Pero como recomendaba Descartes, toca construir la casa definitiva de mi
alimentación. Y lo primero que me pregunto es por qué necesito dejar mi casa
provisional que tan buenos resultados me está ofreciendo, si no resultaría más
cómodo, eficaz y saludable dejar de trazar planos y sólo reformar mínimamente
la actual para continuar habitando en ella de por vida. Para dar el primer paso
asumí un riesgo, pero ahora que parece que los beneficios han sido relevantes,
¿por qué asumir nuevos riesgos en relación con los alimentos que recientemente
deseché y que de algún modo, todavía desconocido para la ciencia, impactan
sobre nuestra salud provocando toda la plétora de enfermedades que nos
acompañan como seres humanos desarrollados?

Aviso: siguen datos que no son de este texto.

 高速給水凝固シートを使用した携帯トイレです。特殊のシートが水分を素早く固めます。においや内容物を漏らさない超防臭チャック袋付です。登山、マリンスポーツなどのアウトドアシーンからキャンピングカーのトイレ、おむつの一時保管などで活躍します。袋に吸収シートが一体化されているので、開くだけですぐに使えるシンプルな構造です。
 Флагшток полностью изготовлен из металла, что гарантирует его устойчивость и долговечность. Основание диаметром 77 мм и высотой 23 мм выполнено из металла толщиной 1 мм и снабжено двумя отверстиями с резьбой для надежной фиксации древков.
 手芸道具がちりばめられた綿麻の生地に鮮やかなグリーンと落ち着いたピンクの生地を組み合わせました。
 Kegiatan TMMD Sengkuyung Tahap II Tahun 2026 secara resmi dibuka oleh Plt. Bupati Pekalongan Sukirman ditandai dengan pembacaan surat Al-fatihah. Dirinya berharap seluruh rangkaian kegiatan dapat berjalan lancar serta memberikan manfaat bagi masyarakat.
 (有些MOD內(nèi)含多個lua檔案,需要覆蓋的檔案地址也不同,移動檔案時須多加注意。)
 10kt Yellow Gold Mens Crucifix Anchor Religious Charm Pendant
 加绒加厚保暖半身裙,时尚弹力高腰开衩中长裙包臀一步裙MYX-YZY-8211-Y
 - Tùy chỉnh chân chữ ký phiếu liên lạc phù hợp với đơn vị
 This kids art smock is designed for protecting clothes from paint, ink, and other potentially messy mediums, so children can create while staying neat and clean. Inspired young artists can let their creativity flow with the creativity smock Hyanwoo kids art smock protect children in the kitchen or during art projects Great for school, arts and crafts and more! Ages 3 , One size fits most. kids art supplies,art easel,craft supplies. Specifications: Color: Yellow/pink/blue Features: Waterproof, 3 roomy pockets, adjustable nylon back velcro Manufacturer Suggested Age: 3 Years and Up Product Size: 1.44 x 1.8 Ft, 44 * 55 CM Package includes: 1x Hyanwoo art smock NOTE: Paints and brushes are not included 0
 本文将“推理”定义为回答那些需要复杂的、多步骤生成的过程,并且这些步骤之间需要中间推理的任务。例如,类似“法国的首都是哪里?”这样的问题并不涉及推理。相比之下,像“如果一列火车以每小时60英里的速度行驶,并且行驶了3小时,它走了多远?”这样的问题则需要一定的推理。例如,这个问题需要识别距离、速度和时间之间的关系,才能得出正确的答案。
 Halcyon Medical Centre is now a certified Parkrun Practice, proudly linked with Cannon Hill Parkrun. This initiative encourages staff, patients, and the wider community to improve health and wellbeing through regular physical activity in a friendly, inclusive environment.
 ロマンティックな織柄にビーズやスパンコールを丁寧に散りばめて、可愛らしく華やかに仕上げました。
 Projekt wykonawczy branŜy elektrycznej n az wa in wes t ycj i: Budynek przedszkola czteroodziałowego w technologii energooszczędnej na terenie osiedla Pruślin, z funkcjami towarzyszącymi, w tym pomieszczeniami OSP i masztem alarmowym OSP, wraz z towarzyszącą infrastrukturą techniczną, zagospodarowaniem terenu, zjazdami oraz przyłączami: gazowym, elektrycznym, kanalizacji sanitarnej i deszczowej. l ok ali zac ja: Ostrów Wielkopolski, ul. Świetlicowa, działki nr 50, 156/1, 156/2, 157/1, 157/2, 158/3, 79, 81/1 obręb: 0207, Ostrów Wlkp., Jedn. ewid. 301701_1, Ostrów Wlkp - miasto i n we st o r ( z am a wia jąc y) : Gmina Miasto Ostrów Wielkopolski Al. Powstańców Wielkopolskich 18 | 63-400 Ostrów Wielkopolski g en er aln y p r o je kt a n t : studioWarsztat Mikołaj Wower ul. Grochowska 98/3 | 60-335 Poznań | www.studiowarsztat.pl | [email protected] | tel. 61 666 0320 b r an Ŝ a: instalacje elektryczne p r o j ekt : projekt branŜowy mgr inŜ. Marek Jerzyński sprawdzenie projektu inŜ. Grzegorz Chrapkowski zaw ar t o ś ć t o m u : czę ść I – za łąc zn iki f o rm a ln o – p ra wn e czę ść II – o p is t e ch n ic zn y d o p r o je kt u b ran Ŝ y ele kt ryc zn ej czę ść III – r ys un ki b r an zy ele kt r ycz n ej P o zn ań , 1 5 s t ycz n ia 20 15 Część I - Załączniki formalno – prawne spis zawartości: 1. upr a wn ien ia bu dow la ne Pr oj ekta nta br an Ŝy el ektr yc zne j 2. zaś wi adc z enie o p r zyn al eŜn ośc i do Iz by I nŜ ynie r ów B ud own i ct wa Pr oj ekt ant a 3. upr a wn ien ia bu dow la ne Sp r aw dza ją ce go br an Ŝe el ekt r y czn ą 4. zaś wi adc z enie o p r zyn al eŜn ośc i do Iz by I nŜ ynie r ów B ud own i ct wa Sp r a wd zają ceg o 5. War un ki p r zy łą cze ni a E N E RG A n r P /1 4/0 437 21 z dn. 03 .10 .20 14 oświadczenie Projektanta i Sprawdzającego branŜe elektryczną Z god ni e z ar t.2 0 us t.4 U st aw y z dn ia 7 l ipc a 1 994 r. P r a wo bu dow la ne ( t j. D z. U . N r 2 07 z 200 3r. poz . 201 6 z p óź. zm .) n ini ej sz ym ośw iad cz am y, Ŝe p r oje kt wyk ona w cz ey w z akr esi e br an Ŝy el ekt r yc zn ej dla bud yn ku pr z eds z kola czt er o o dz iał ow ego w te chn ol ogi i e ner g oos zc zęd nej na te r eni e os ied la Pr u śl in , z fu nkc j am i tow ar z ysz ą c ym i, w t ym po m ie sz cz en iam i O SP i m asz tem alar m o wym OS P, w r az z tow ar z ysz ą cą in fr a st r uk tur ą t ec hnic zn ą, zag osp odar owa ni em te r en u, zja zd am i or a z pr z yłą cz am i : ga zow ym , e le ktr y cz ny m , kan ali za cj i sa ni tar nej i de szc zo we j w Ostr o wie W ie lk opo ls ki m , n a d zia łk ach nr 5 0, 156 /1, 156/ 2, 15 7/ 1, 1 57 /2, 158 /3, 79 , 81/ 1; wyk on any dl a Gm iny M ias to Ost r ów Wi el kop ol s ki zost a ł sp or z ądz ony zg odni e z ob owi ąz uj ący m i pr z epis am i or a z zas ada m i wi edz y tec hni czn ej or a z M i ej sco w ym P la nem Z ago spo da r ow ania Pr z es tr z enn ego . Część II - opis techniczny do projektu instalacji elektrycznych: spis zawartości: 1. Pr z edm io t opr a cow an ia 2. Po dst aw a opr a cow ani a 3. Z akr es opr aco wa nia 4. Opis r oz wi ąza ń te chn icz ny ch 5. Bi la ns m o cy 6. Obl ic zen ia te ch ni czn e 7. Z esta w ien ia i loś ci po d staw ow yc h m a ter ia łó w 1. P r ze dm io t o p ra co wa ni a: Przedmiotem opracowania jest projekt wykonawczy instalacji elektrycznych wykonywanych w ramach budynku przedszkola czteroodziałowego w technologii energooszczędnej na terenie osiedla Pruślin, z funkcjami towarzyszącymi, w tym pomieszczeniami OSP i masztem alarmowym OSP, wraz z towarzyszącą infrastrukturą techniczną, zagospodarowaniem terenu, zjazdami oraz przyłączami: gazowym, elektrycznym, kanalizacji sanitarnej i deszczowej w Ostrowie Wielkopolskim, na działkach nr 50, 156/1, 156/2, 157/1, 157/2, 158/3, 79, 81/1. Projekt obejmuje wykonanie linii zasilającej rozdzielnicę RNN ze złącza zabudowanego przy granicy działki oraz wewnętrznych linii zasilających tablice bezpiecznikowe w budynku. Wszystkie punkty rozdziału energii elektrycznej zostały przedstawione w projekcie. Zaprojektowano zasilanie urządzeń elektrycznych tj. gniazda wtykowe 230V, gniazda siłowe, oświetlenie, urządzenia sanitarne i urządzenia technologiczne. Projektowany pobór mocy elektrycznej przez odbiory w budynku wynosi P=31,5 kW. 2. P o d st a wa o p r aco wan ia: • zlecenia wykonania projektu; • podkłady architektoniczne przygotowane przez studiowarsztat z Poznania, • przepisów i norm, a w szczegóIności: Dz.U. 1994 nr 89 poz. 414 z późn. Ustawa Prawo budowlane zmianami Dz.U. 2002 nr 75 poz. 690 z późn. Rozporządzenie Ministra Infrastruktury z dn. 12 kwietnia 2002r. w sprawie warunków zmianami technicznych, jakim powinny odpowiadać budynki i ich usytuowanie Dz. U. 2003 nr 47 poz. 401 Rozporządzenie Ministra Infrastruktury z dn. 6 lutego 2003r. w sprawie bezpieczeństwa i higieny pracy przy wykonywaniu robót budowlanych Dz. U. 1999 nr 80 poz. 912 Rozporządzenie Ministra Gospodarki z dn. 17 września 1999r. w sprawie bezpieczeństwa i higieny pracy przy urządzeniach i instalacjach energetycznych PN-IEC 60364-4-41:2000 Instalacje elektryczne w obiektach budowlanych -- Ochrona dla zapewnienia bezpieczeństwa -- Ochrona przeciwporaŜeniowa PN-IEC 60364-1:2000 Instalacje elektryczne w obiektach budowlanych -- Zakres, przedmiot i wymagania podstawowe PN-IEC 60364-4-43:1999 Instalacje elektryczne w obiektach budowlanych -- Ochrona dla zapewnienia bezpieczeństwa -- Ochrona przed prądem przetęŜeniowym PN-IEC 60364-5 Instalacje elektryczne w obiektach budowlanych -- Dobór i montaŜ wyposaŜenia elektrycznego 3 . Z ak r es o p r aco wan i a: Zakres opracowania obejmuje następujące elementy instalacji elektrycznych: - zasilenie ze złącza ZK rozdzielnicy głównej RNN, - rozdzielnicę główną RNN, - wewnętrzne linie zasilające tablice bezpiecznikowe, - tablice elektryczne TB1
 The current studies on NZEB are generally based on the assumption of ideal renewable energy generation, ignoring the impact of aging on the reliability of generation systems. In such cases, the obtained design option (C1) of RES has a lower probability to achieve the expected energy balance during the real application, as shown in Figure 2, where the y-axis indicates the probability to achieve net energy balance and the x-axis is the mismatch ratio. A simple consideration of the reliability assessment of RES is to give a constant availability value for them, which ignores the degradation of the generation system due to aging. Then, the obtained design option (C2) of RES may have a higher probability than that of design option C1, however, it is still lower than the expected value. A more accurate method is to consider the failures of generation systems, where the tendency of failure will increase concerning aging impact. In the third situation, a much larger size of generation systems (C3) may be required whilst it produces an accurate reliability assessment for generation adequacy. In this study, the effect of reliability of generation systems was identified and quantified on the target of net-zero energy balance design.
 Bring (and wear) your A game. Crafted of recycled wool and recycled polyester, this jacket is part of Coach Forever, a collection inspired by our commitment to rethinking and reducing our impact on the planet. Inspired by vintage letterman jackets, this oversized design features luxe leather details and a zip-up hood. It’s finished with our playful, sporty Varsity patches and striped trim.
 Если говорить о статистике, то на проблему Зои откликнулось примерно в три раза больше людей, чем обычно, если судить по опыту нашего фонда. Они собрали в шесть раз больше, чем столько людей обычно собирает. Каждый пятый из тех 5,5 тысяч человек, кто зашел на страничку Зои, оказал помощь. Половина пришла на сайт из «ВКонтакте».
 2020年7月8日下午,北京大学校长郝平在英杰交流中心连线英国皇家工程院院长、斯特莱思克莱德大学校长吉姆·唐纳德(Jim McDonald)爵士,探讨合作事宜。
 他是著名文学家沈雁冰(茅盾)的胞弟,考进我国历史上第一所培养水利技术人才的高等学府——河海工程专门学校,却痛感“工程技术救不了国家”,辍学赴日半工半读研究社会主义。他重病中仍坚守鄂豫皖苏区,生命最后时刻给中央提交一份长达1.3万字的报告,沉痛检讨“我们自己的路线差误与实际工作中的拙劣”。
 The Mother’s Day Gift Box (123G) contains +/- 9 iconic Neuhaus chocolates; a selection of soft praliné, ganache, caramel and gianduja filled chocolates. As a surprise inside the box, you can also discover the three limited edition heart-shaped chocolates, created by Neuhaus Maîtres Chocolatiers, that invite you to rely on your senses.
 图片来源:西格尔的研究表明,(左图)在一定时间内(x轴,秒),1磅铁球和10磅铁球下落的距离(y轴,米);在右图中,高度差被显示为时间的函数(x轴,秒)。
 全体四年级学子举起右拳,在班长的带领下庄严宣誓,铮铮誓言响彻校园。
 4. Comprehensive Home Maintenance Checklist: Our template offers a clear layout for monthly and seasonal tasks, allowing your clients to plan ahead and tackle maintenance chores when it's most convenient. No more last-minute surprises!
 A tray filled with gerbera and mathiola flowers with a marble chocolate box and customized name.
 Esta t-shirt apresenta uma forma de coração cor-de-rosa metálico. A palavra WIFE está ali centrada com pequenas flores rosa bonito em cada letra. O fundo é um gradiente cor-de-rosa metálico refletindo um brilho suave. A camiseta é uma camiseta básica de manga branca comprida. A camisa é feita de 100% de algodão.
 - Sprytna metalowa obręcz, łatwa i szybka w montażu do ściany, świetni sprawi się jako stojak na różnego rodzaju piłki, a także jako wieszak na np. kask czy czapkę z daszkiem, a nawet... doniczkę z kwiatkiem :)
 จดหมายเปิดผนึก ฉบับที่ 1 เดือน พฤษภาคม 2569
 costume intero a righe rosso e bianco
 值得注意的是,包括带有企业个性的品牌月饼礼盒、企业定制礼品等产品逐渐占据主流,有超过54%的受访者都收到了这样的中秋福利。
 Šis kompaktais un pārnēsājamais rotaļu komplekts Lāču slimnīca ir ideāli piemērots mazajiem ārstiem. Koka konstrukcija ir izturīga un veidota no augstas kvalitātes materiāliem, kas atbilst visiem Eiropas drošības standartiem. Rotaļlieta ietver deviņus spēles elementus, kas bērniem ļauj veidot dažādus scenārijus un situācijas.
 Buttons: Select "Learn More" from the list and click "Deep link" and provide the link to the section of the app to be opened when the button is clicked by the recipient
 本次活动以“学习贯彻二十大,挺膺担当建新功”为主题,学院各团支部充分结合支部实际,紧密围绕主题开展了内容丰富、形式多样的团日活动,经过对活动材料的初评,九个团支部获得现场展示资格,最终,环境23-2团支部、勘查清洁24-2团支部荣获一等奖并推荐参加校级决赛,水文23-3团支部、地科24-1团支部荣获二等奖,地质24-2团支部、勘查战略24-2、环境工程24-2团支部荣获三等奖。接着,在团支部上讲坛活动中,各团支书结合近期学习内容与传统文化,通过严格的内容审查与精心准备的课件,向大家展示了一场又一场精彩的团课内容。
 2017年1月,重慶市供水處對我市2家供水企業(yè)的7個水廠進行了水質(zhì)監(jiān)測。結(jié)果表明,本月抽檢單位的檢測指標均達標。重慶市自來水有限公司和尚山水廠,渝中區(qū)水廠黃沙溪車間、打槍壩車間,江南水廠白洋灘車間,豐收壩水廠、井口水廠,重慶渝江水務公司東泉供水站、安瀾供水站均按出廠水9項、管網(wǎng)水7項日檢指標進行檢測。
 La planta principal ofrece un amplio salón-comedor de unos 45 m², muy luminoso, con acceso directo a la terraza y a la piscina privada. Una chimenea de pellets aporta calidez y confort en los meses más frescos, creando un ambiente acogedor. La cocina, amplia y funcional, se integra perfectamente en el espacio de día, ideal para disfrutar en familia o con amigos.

Quizás por puro placer, que no
desee privarme de saborear ciertas comidas muy apetitosas, por ser un poco
menos radical y poder compartir experiencias culinarias y sociales con mis
amigos y familiares, por comodidad a la hora de comprar y elaborar las
comidas comunes, etc. Considero imprescindible que para avanzar en esta
dirección tengamos que dotarnos de un mínimo método, ya que no existen
manuales de uso de los alimentos en relación con sus posibles impactos sobre la
salud: precaución y cuidado, y mucho estudio.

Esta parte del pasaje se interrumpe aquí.